The startup develops AI-driven software that assists radiologists and hepatologists in detecting liver cancer through ultrasound imaging. This technology enhances diagnostic accuracy and improves patient care by providing timely and precise identification of the disease.

Paris, France1300+ followers
Updated 2 months ago

Funding

$61K raised to dateRaised to date based on public sources. This may differ from the amount the company actually raised and is based only on what is publicly available on the internet.

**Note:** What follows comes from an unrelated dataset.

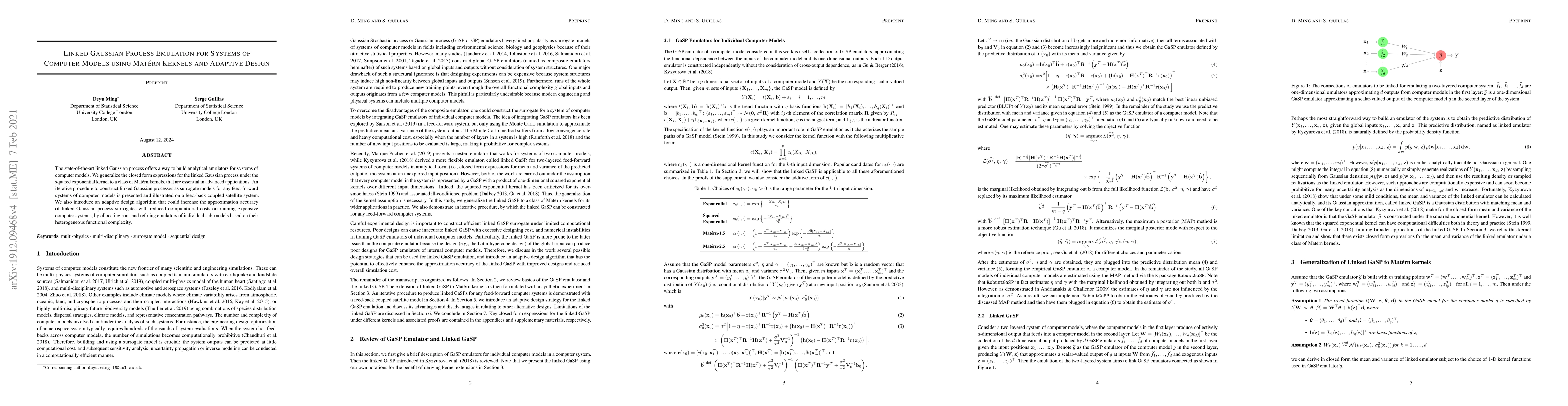 This paper proposes a linked Gaussian process framework using Matérn kernels for emulating systems of computer models, presenting an adaptive design algorithm to enhance accuracy while minimizing computational costs. The method is demonstrated through a feedback-coupled satellite system.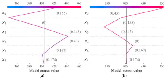 Except the global interpretations, SHAP also can provides the individual interpretation for each sample in the dataset. In this study, 2 samples are selected, the predicted process of which are illustrated as Figure 10. In the figure, the gray line represents the baseline value, which equals 403.62, and the colorful lines represents the decisive process of each feature. In Figure 10, it can be seen that from the baseline value, every feature will change the value to a different degree, and finally predicted values 419.27 and 501.00, respectively, will be obtained. In the predicted process of the 2 samples, types of column section (x1), slab’s effective depth (x3), the compressive strength of concrete (x4) have negative influence on predicted results; whereas, the cross-section area of column (x2), Young’s modulus of FRP reinforcement (x5), reinforcement ratio (x6) have positive influence on it. Furthermore, reinforcement ratio (x6) acts as determinant in forecasting process of sample 1, and the cross-section area of column (x2) plays an essential role in sample 2. In summary, both the global interpretations and the individual interpretations give a detailed insight into the process by which each input feature affects the final predicted value.

Funding rounds are not available yet.

Founders

Founder details are not available yet.

Product

Problem

Radiologists and hepatologists face challenges in accurately detecting liver cancer using traditional ultrasound imaging due to the subtle nature of early-stage tumors and the potential for human error. This can lead to delayed diagnoses and suboptimal patient outcomes.

Solution

The company offers an AI-powered software solution designed to improve the detection of liver cancer in ultrasound images. By leveraging advanced machine learning algorithms, the software analyzes ultrasound scans to identify potential cancerous lesions that may be missed by the human eye. This technology provides clinicians with a second opinion, enhancing diagnostic confidence and enabling earlier intervention. The software integrates seamlessly into existing clinical workflows, providing real-time analysis and decision support. Ultimately, this leads to more accurate diagnoses, improved patient care, and better overall outcomes in the fight against liver cancer.

Target Audience

The primary target audience includes radiologists, hepatologists, and other medical professionals involved in the diagnosis and treatment of liver cancer, as well as hospitals and imaging centers.

Features

  • AI-driven analysis of ultrasound images for liver cancer detection
  • Real-time decision support for radiologists and hepatologists
  • Integration with existing clinical ultrasound systems
  • Automated lesion detection and characterization
  • Quantitative analysis of tumor size and shape
  • Customizable reporting and visualization tools
  • Machine learning models trained on a large dataset of liver ultrasound images
This profile is AI-generated and may contain inaccuracies.